1. Introduction

   The Layer Two Tunneling Protocol (L2TP) provides a dynamic mechanism
   for tunneling Layer 2 (L2) "circuits" across a packet-oriented data
   network (e.g., over IP).  L2TP, as originally defined in RFC 2661prop, is
   a standard method for tunneling Point-to-Point Protocol (PPP)
   [RFC1661] sessions.  L2TP has since been adopted for tunneling a
   number of other L2 protocols.  In order to provide greater
   modularity, this document describes the base L2TP protocol,
   independent of the L2 payload that is being tunneled.

   The base L2TP protocol defined in this document consists of (1) the
   control protocol for dynamic creation, maintenance, and teardown of
   L2TP sessions, and (2) the L2TP data encapsulation to multiplex and
   demultiplex L2 data streams between two L2TP nodes across an IP
   network.  Additional documents are expected to be published for each
   L2 data link emulation type (a.k.a. pseudowire-type) supported by
   L2TP (i.e., PPP, Ethernet, Frame Relay, etc.).  These documents will

   contain any pseudowire-type specific details that are outside the
   scope of this base specification.

   When the designation between L2TPv2 and L2TPv3 is necessary, L2TP as
   defined in RFC 2661prop will be referred to as "L2TPv2", corresponding to
   the value in the Version field of an L2TP header.  (Layer 2
   Forwarding, L2F, [RFC2341] was defined as "version 1".)  At times,
   L2TP as defined in this document will be referred to as "L2TPv3".
   Otherwise, the acronym "L2TP" will refer to L2TPv3 or L2TP in
   general.

1.1. Changes from RFC 2661

   Many of the protocol constructs described in this document are
   carried over from RFC 2661prop.  Changes include clarifications based on
   years of interoperability and deployment experience as well as
   modifications to either improve protocol operation or provide a
   clearer separation from PPP.  The intent of these modifications is to
   achieve a healthy balance between code reuse, interoperability
   experience, and a directed evolution of L2TP as it is applied to new
   tasks.

   Notable differences between L2TPv2 and L2TPv3 include the following:

      Separation of all PPP-related AVPs, references, etc., including a
      portion of the L2TP data header that was specific to the needs of
      PPP.  The PPP-specific constructs are described in a companion
      document.

      Transition from a 16-bit Session ID and Tunnel ID to a 32-bit
      Session ID and Control Connection ID, respectively.

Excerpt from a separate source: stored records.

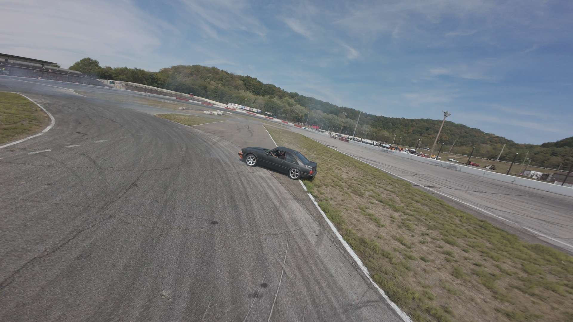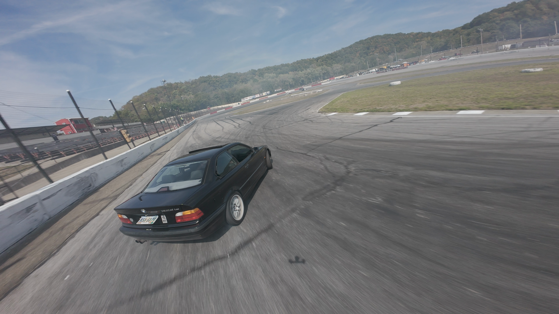 A black BMW is captured in mid-drift on a turn at Midvale Speedway. The car is leaving tire marks on the track, indicating it’s moving at a moderate speed. The surrounding environment includes a curved racetrack bordered by grass, safety barriers, and a backdrop of hills and trees under a clear blue sky. No visible people inside the car are distinguishable, but the vehicle's condition and motion suggest it is engaged in a drifting session. The video appears to convey a sense of dynamic action in a professional-grade motorsport setting.
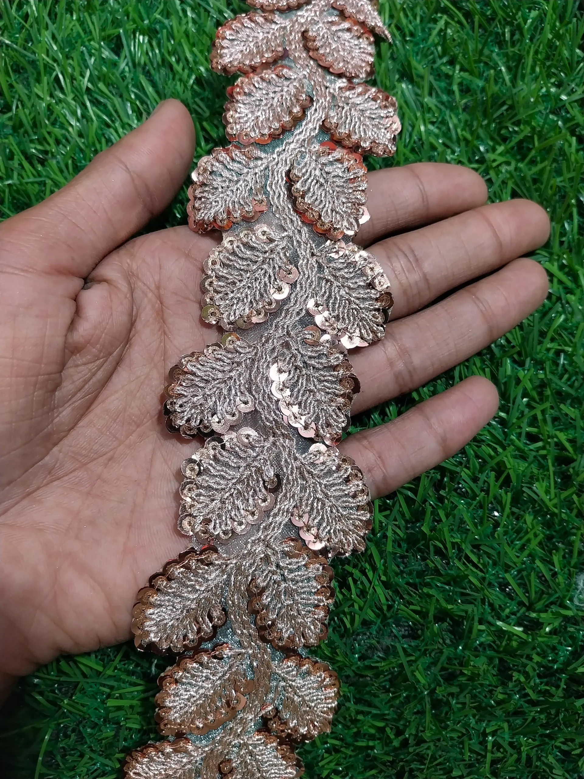 Our unique rose gold color saree lace. Give a beautiful look to your saree using our sequin work saree lace.
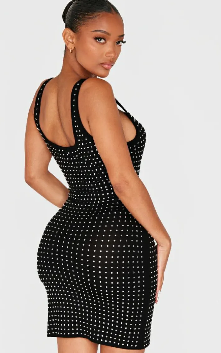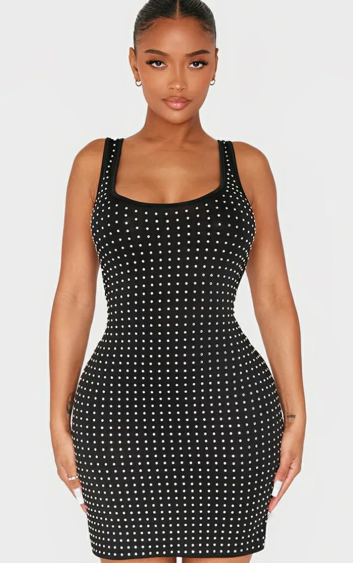 Show off your shape with this shape black hot fix scoop neck mini dress. Brought to you in a black hot fix material with a scoop neck design and a mini length, all eyes are sure to be on you. Team with a pair of court heels and your fave accessories for a look like no other. It’s a yes from us.

      Extension of the Tunnel Authentication mechanism to cover the
      entire control message rather than just a portion of certain
      messages.

   Details of these changes and a recommendation for transitioning to
   L2TPv3 are discussed in Section 4.7.

1.2. Specification of Requirements

   The key words "MUST", "MUST NOT", "REQUIRED", "SHALL", "SHALL NOT",
   "SHOULD", "SHOULD NOT", "RECOMMENDED", "MAY", and "OPTIONAL" in this
   document are to be interpreted as described in [RFC2119].

1.3. Terminology

   Attribute Value Pair (AVP)

      The variable-length concatenation of a unique Attribute
      (represented by an integer), a length field, and a Value
      containing the actual value identified by the attribute.  Zero or
      more AVPs make up the body of control messages, which are used in
      the establishment, maintenance, and teardown of control
      connections.  This basic construct is sometimes referred to as a
      Type-Length-Value (TLV) in some specifications.  (See also:
      Control Connection, Control Message.)

   Call (Circuit Up)

      The action of transitioning a circuit on an L2TP Access
      Concentrator (LAC) to an "up" or "active" state.  A call may be
      dynamically established through signaling properties (e.g., an
      incoming or outgoing call through the Public Switched Telephone
      Network (PSTN)) or statically configured (e.g., provisioning a
      Virtual Circuit on an interface).  A call is defined by its
      properties (e.g., type of call, called number, etc.) and its data
      traffic.  (See also: Circuit, Session, Incoming Call, Outgoing
      Call, Outgoing Call Request.)

   Circuit

      A general term identifying any one of a wide range of L2
      connections.  A circuit may be virtual in nature (e.g., an ATM
      PVC, an IEEE 802 VLAN, or an L2TP session), or it may have direct
      correlation to a physical layer (e.g., an RS-232 serial line).
      Circuits may be statically configured with a relatively long-lived
      uptime, or dynamically established with signaling to govern the
      establishment, maintenance, and teardown of the circuit.  For the
      purposes of this document, a statically configured circuit is
      considered to be essentially the same as a very simple, long-
      lived, dynamic circuit.  (See also: Call, Remote System.)

   Client

      (See Remote System.)

   Control Connection

      An L2TP control connection is a reliable control channel that is
      used to establish, maintain, and release individual L2TP sessions
      as well as the control connection itself.  (See also: Control
      Message, Data Channel.)

   Control Message

      An L2TP message used by the control connection.  (See also:
      Control Connection.)

   Data Message

      Message used by the data channel.  (a.k.a. Data Packet, See also:
      Data Channel.)

   Data Channel

      The channel for L2TP-encapsulated data traffic that passes between
      two LCCEs over a Packet-Switched Network (i.e., IP).  (See also:
      Control Connection, Data Message.)

   Incoming Call

      The action of receiving a call (circuit up event) on an LAC.  The
      call may have been placed by a remote system (e.g., a phone call
      over a PSTN), or it may have been triggered by a local event
      (e.g., interesting traffic routed to a virtual interface).  An
      incoming call that needs to be tunneled (as determined by the LAC)
      results in the generation of an L2TP ICRQ message.  (See also:
      Call, Outgoing Call, Outgoing Call Request.)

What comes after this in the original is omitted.